Purpose. To identify trends in patient satisfaction adjusted for sociodemographic factors and health status from 1989-2003. Methods. Five repeated cross-sectional surveys were used. The study sample included 290,534 household members 20 years of age and over from the five survey periods of 1989, 1992, 1995, 1999, and 2003. Satisfaction was measured using a five-point scale, ranging from "very satisfied" to "very dissatisfied." Crude satisfaction rates, representing the proportion of patients satisfied (very satisfied or satisfied), were calculated for each survey period. Satisfaction rates adjusted for age, sex, marital status, education, and self-rated health status were calculated for each of the five years.
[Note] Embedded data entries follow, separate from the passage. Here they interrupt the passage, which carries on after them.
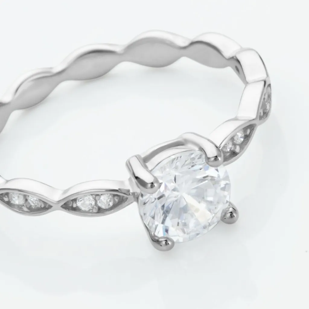 Bague Argent Blanc 925/1000 Solitaire Oxyde De Zirconium Serti 4 Griffes 6mm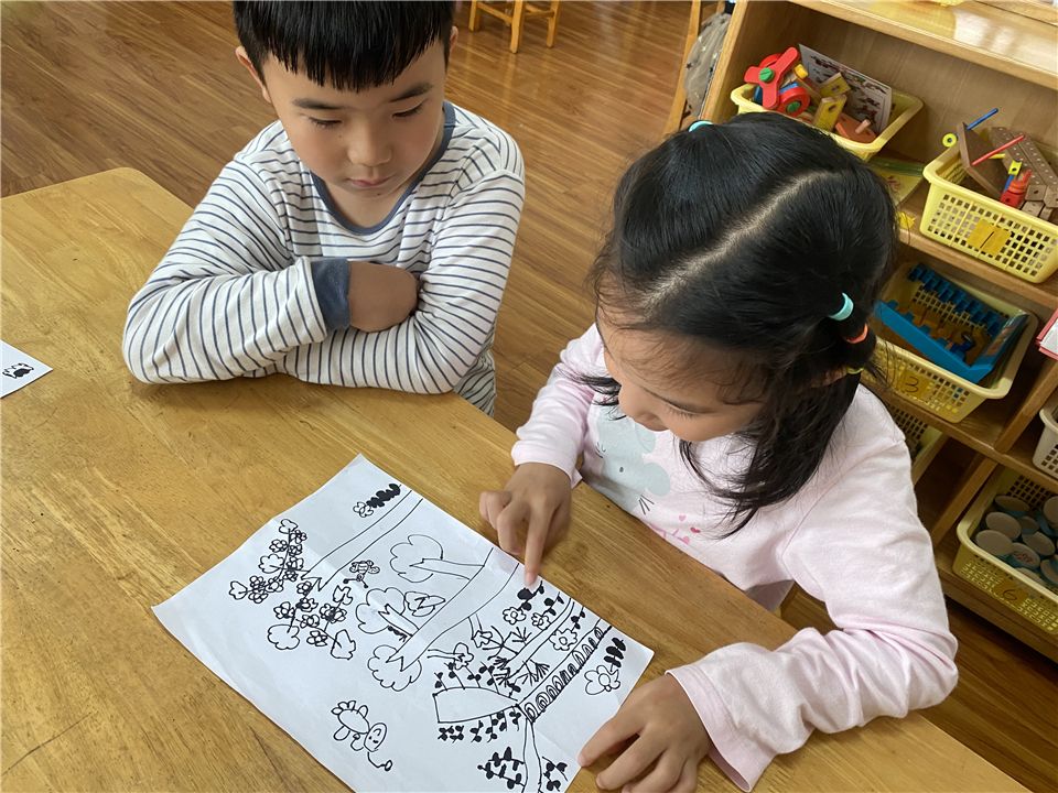 通过看看、画画、讲讲、编编,孩子们再次感受到了春天的美丽。通过老师的讲述,不仅理解《春天的色彩》散文诗的内容,丰富了相关词汇,最重要的是,孩子们知道了原来春天是五颜六色、丰富多彩的。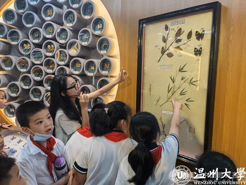 学生利用暑假时间,自发组建讲解小组带领中小学生参观开云电子(中国)官方网站_开云电子(中国)官方网站动物标本展示馆,通过现场参观、系统讲解和知识竞答等多种形式,向中小学生诠释尊重自然、顺应自然、保护自然的理念。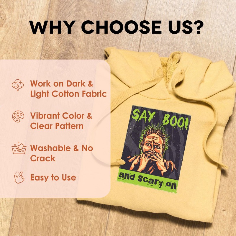 - HIGH QUALITY: Our heat transfer paper for dark fabric can transfer the most vibrant colors and provide extreme softness, stretchability, and longer-lasting work. The iron on transfer paper can washer and dryer cycles superbly and is hard to fade, crack, or peel off.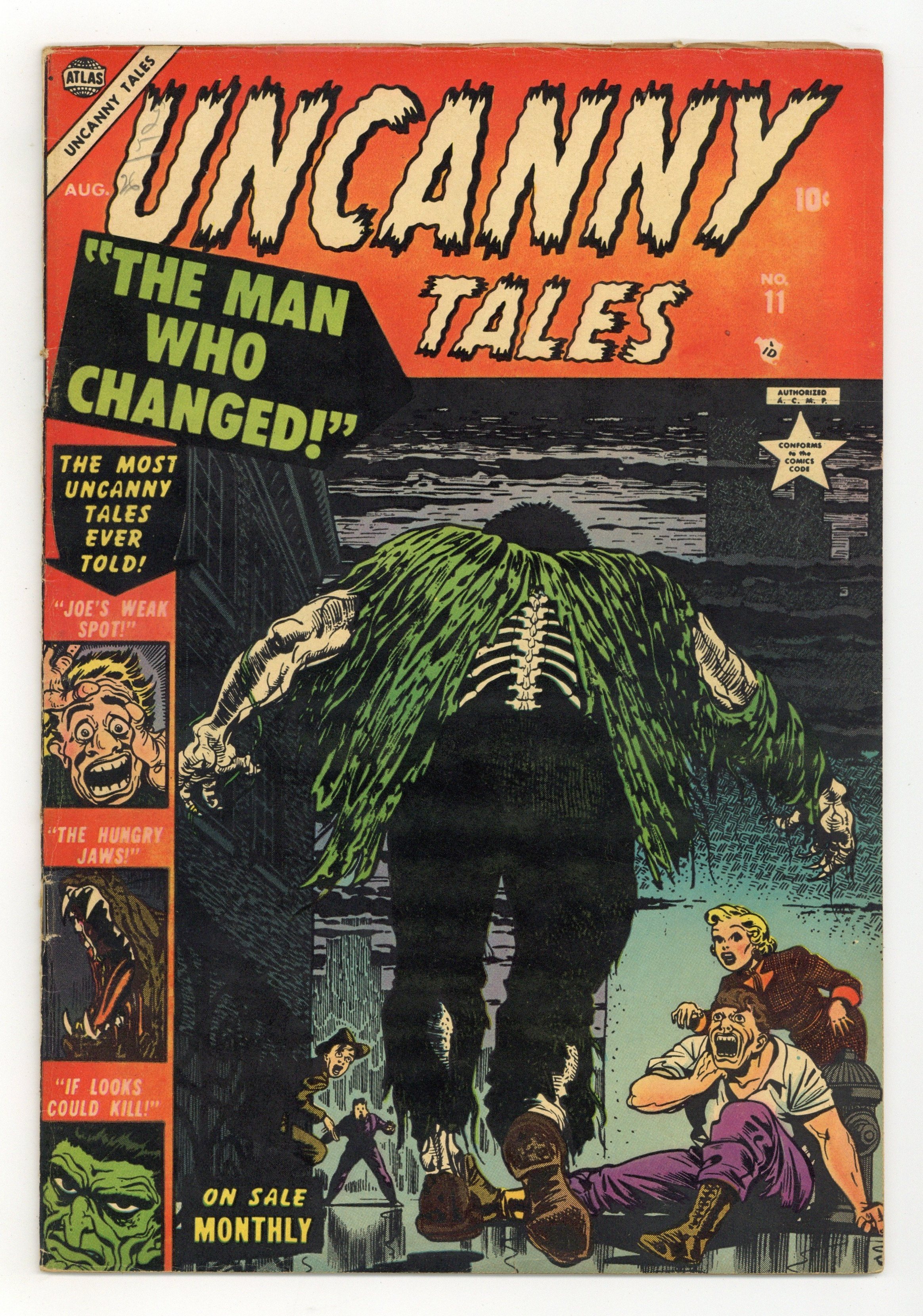 Cover by Bill Everett. Stories by unknown. Art by Bill Benulis, Harry Anderson, Gene Colan, Bill Walton, Sid Greene and Jack Abel. "The Man Who Changed" with art by Bill Benulis and Jack Abel - A timid, unimpressive man stays behind to witness an H Bomb test on an island with the guinea pigs figuring that any change will be an improvement. The bomb flash blinds and burns him, but when he recovers in the hospital, he finds that he has grown taller, powerfully built and handsome. He resolves to leave the institution, although the personnel attempt to restrain him for fear of his contamination, and marry the girl he's wild about. She reacts in fear to his presence though, and all people shun him. He returns to the test island where the guinea pigs accept him. Also in this issue: "If Looks Could Kill!" with art by Harry Anderson - When a beautiful woman cheats a smitten scientist out of ten thousand dollars to gamble with, he gets revenge by transforming her ageless beauty into stone; "The Hungry Jaws" with art by Gene Colan - A plantation owner attempts to buy time to ignite a moat defense against swarming ants by sacrificing his workers to them, but even though the ploy works, the ants cross over the burning moat by crossing over the dead ant corpses and kill him; "Joe's Weak Spot" with art by Bill Walton - A man finds that he cannot be the boxer he wants to be with his literal glass jaw; "The Mental Case" with art by Sid Greene - A psychologist treats a man who claims to have a demon in his head and ends up with it himself; and 2-page text story "The Sentence!", reprinted from Astonishing (1951 Marvel/Atlas) #9 (original title: "Vengeance of the Time Stream"). 32 pages, full color. Cover price $0.10.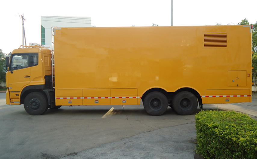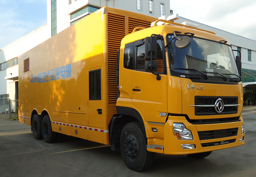 电缆线200米(YCI*95mm²)。发电机组的功率有20 kW至2000 kW,满足不同场景的用电需求。外观专利技术,耐用美观。车辆工作噪声可控制在75分贝以下。对于其本身来说噪音均是不可消除的,机组裸机噪声约103-105dB(A),唯一的办法是将其噪声进行隔断、衰减,以达到在厢体外噪声能符合相应的要求。侧门和后门设计为消声门,用橡胶条密封,形成声门效果,并阻止机组的噪声通过门洞传到室外。可折叠式升降照明灯,安装在车厢或驾驶室顶部,用于作业照明,可选择配置带遥控控制云台。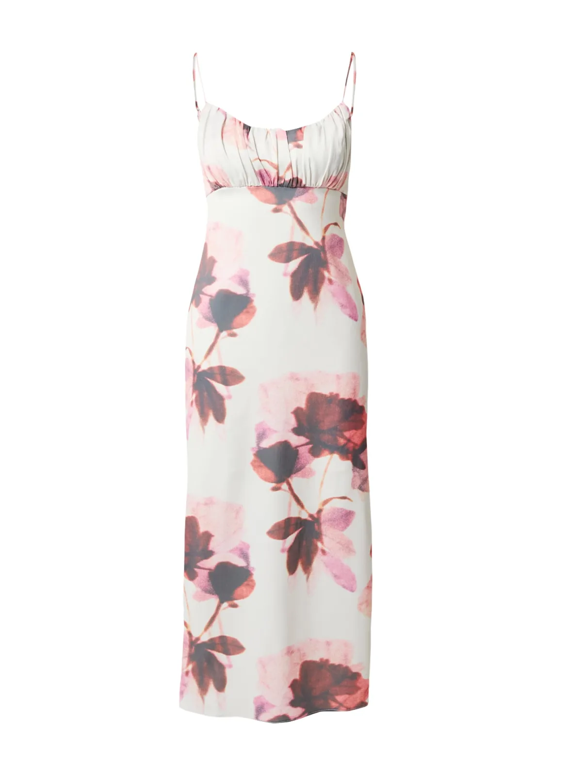 Design: Gevoerde zoom/rand, Rechte zoom, Overige kragen, Uitgesneden rug; Materiaal: Satijn; Halstype: Ronde hals; Motief: Bloemenprint; Soort bandjes: Spaghettibandjes; Details: Cut-outs, Gedrapeerd; Extra's: Verstelbare bandjes, All-over patroon, Gladde stof; Lengte: 3/4 lengte; Pasvorm: Slanke pasvorm; Armlengte: Mouwloos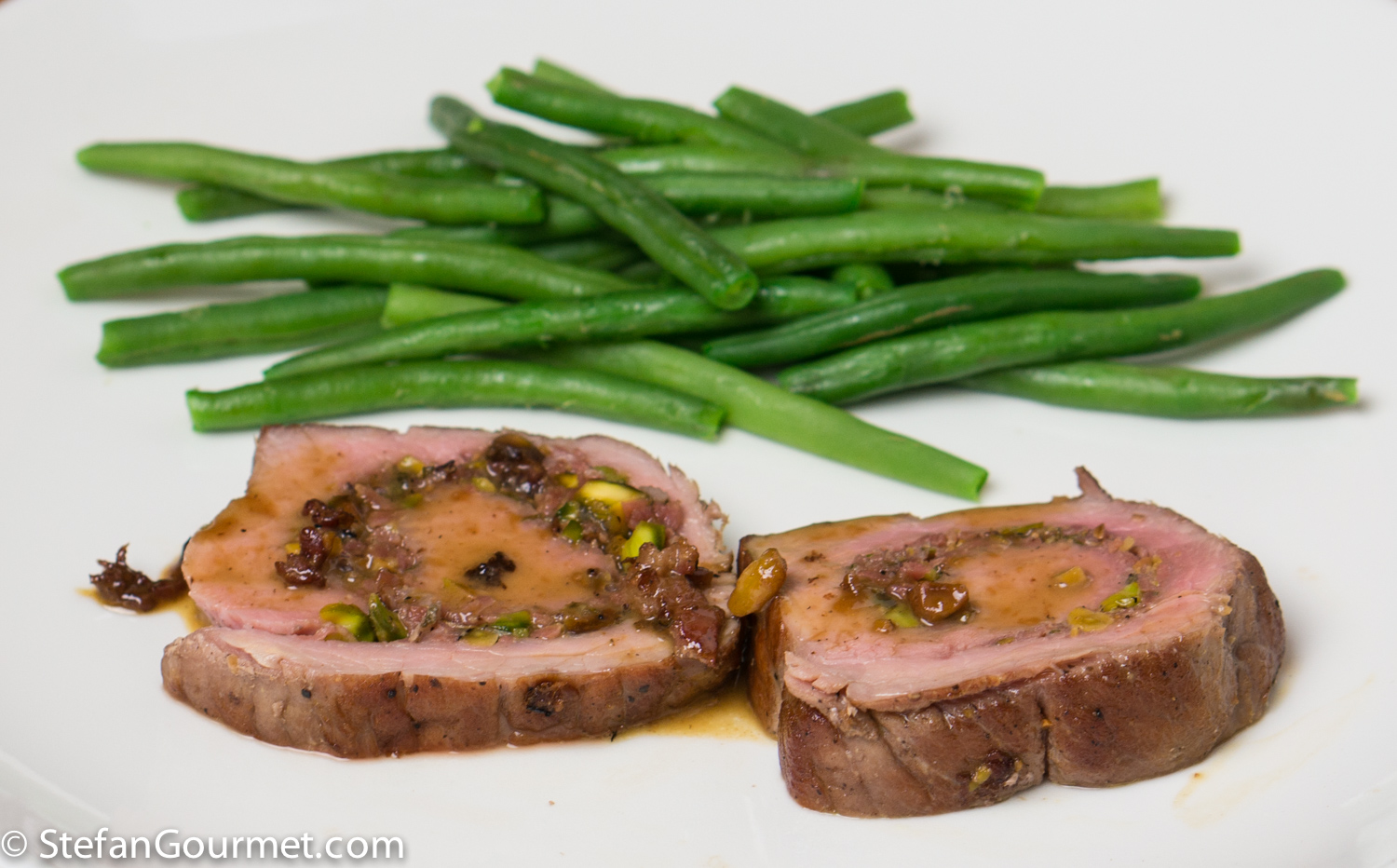 This dish was inspired by a pork roulade stuffed with pistachios and prosciutto that Marina made for us when we visited. I thought it would be nice to make it with veal, and cook it sous-vide. That way, the meat is cooked perfectly from edge to edge, tender, and juicy. You could also cook this roulade in the oven, but be careful not to overcook it as that would dry it out. This was also a nice use for part of the huge chunk of prosciutto di San Daniele that we had brought home from San Daniele.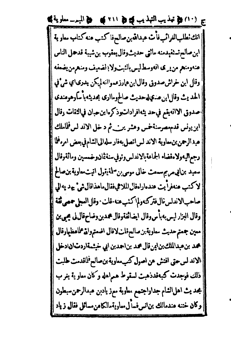 انك تطلب الغرائب فأت عبد الله بن صالح فاكتب عنه كتاب معاوية بن صالح تستفيد منه مائتي حديث وقال يعقوب بن شيبة قد حمل الناس عنه ومنهم من يرى أنه وسط ليس بالثبت ولا بالضعيف ومنهم من يضعفه وقال ابن خراش صدوق وقال بن عمار زعموا أنه لم يكن يدري أي شيء في الحديث وقال بن عدي له حديث صالح وما أرى بحديثه بأسا وهو عندي صدوق إلا أنه يقع في حديثه إفرادات وذكره ابن حبان في الثقات وقال ابن يونس قدم مصر سنة خمس وعشرين ثم دخل الأندلس فلما ملك عبد الرحمن بن معاوية الأندلس اتصل به فأرسله إلى الشام في بعض أمره فلما رجع إليه ولاه قضاء الجماعة بالأندلس وتوفي سنة ثمان وخمسين ومائة وقال سعيد بن أبي مريم سمعت خالي موسى بن سلمة يقول أتيت معاوية بن صالح لاكتب عنه فرأيت عنده أراه قال الملاهي فقال ما هذا قال شيء يهديه إلي صاحب الأندلس قال فتركته ولم اكتب عنه قلت وقال العجلي حمصي ثقة وقال البزار ليس به بأس وقال أيضا ثقة وقال محمد بن وضاح قال لي يحيى بن معين جمعتم حديث معاوية بن صالح قلت لا قال أضعتم والله علما عظيما وقال محمد بن عبد الملك بن أيمن قال محمد بن أحمد بن أبي خيثمة أردت أن أدخل الأندلس حتى افتش عن أصول كتب معاوية بن صالح فلما قدمت طلبت ذلك فوجدت كتبه قد ذهبت لسقوط همم أهله وكان معاوية يغرب بحديث أهل الشام جدا واجتمع معاوية مع زياد بن عبد الرحمن سبطون وكان ختنه عند مالك بن أنس فسأل معاوية مالكا عن مسائل فقال زياد

Results. Crude satisfaction rates increased from 15.4% in 1989 to 40.5% in 2003. The proportions of satisfaction and dissatisfaction were reversed after 15 years had passed. However, the satisfaction trend was not linear throughout the different years, with 1992 being the year with the lowest satisfaction rate (9.7%). These trends in crude rates did not change even after adjusting for patient characteristics. The odds of satisfaction in 1992 were 38% lower (odds ratio 0.62, 95% CI 0.60 to 0.64) than the odds in 1989. In 2003, the odds of satisfaction were 4.01 times (95% CI 3.89 to 4.13) the odds for 1989. Older, female, married, and less-educated people were more likely to be satisfied. Patients who rated their health as 'very good' had the highest satisfaction rate, and those with "neutral" health ratings had the lowest. General hospitals achieved substantial improvement whereas pharmacies became the lowest-rated of all institutions. Conclusions. The Korean health system has achieved better patient satisfaction rates over the past 15 years. Increased health expenditure, resources, and quality improvement efforts may have contributed to this progress.